# Consensus on best settings for editing in Elements?



## donoreo (May 29, 2012)

I have seen a couple of recommendations.  I am using LR 4.1 RC2 and I have Elements 9 on Mac.  I have rarely used Elements since switching to LR over a year ago.  However there is one thing LR does not have (and I was REALLY, REALLY hoping LR 4 was going to have) and that is the content aware healing brush.  That is the only thing I ever need to go to Elements for.  
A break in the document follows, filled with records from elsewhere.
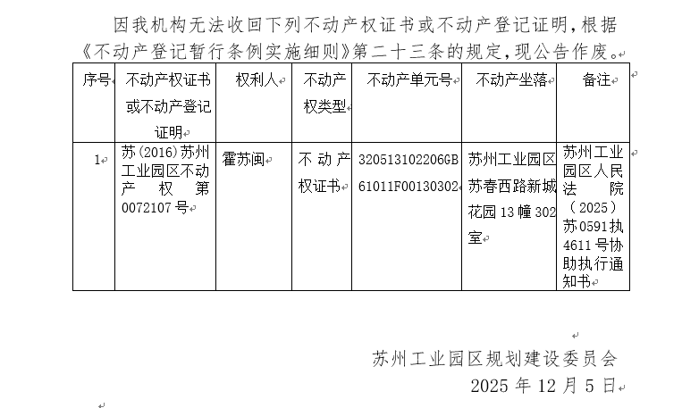 不動產(chǎn)權(quán)證書/登記證明作廢公告蘇園 證廢字2025(0184)號(新城花園13幢302室)
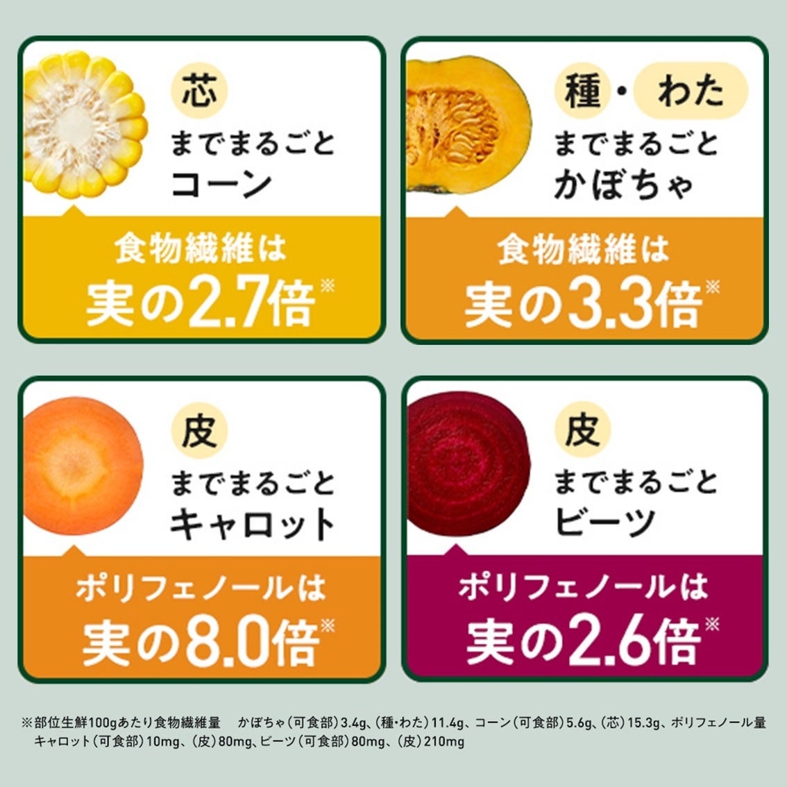 普段食べずに捨てている芯や皮・種・わたまで、可能な限りまるごと使った野菜や、アーモンド、大豆などカラダ想いの素材をギュッと詰め込みました。グルテンフリーで砂糖も不使用、野菜や果汁由来の甘みを活かしました。濃厚で贅沢な味わいは、コーヒーやお茶との相性も良く、ブレイクタイムのお供にぴったりです。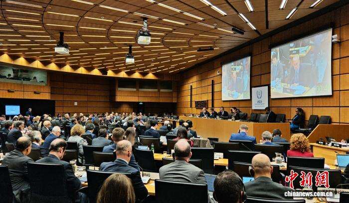 当地时间11月20日,国际原子能机构理事会表决通过美国与英国、法国、德国共同推动的伊朗核问题决议。中国常驻国际原子能机构代表李松发言阐述中方立场。图为会议现场。中国常驻维也纳代表团 供图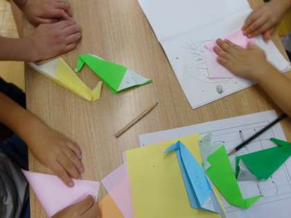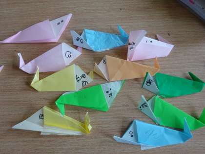1匹折ると「もっと折りたい。」という子どもたちの声。

This is sort of a workflow question as well.  At what point should  I go to Elements and back?  I have been doing all the basic development and then.  Better suggestion?


----------



## clee01l (May 29, 2012)

I would post process everything that can be done in LR.  Then, once LR's capabilities have been exhausted, call the Edit-In function in LR to finish the derivative in PSE.


----------



## b_gossweiler (May 29, 2012)

clee01l said:


> I would post process everything that can be done in LR.  Then, once LR's capabilities have been exhausted, call the Edit-In function in LR to finish the derivative in PSE.



Same here.

Beat


----------



## Hal P Anderson (May 29, 2012)

Me, too.

Hal


----------



## donoreo (May 29, 2012)

For the most part, that is what I end up doing as I often do not need to do anything other than the basic.  I do find it annoying really that I have to go to Elements for that one thing.


----------